Stored data
"""
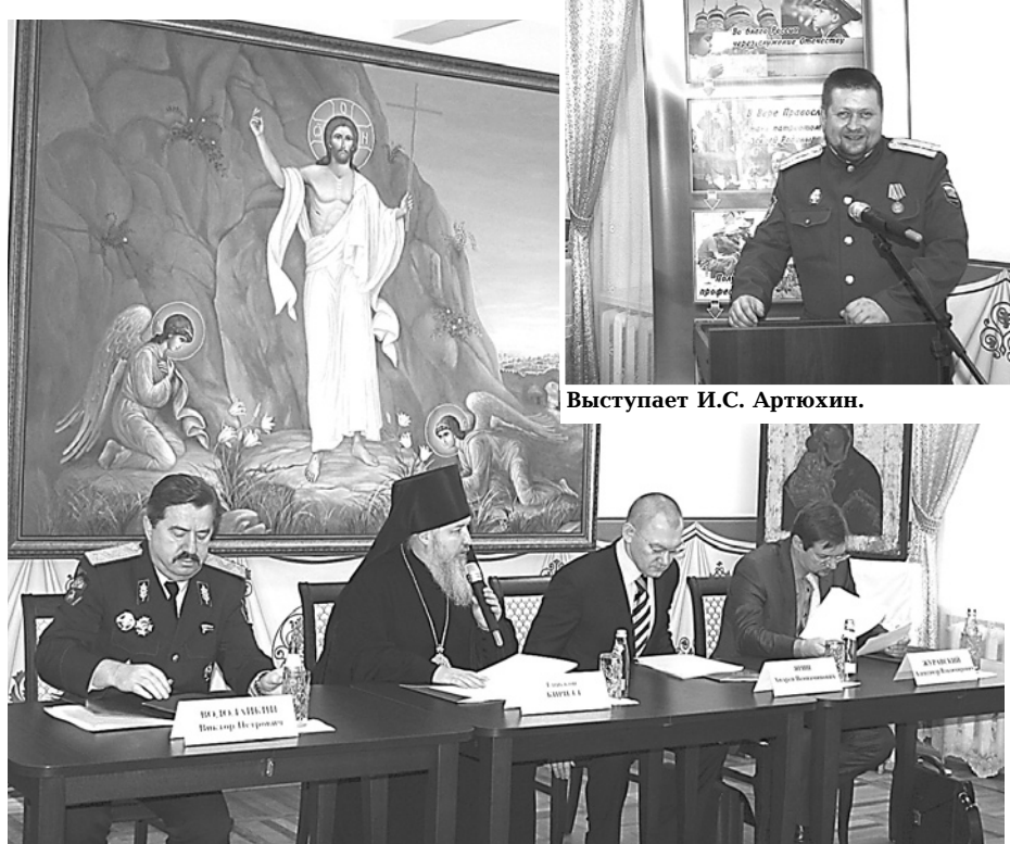
Идет занятие в секции «Церковь и казачество: реализация духовно-нравственных программ и проектов».
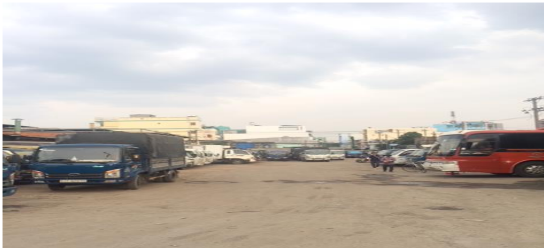
Hình ảnh bên trong tài sản
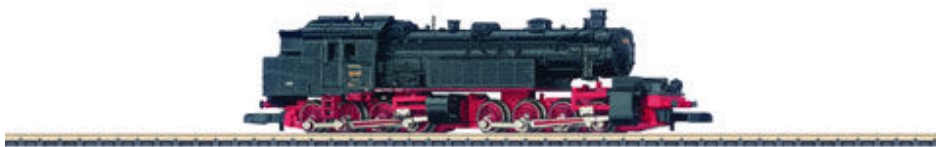
Baureihe 96 der Deutschen Reichsbahn. Epoche 2 (Art.-Nr. 88291).

Klasse statt Masse bestimmt die Neuheitenauswahl im Modelljahr 2006. Auffallend knapp ist allerdings trotzdem die Auswahl an Wagenmodellen – Formneuheiten sind da Fehlangeige. Selbst die Insider müssen sich mit einem altbekanntem Stück (Grundmodell 8600) begnügen, das als Migros-Ausführung von Interfrigo, eingestellt bei der SBB in Epoche 3, kommt (Art.-Nr. 80316). Wer einen Kühlwagen-Ganzzug zusammenstellen möchte, dürfte sich darüber aber sicher freuen.
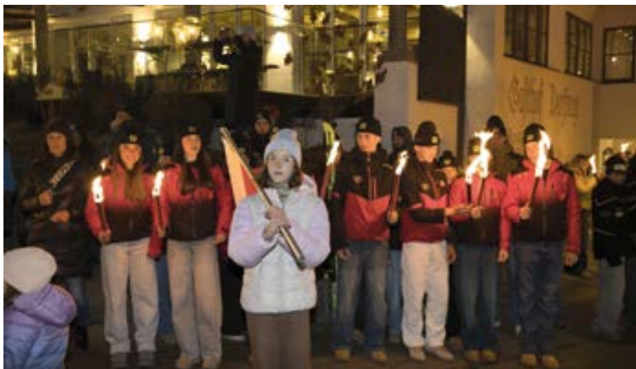
Die Athleten beim Fackeleinmarsch
"""
**WHAT TO PRODUCE:**
Give back, exactly and with nothing added, the lines from the line with "Klasse statt Masse" through the final line of the data, both included; leave pictures out.

**REPLY TO THE TASK:**
Klasse statt Masse bestimmt die Neuheitenauswahl im Modelljahr 2006. Auffallend knapp ist allerdings trotzdem die Auswahl an Wagenmodellen – Formneuheiten sind da Fehlangeige. Selbst die Insider müssen sich mit einem altbekanntem Stück (Grundmodell 8600) begnügen, das als Migros-Ausführung von Interfrigo, eingestellt bei der SBB in Epoche 3, kommt (Art.-Nr. 80316). Wer einen Kühlwagen-Ganzzug zusammenstellen möchte, dürfte sich darüber aber sicher freuen.
Die Athleten beim Fackeleinmarsch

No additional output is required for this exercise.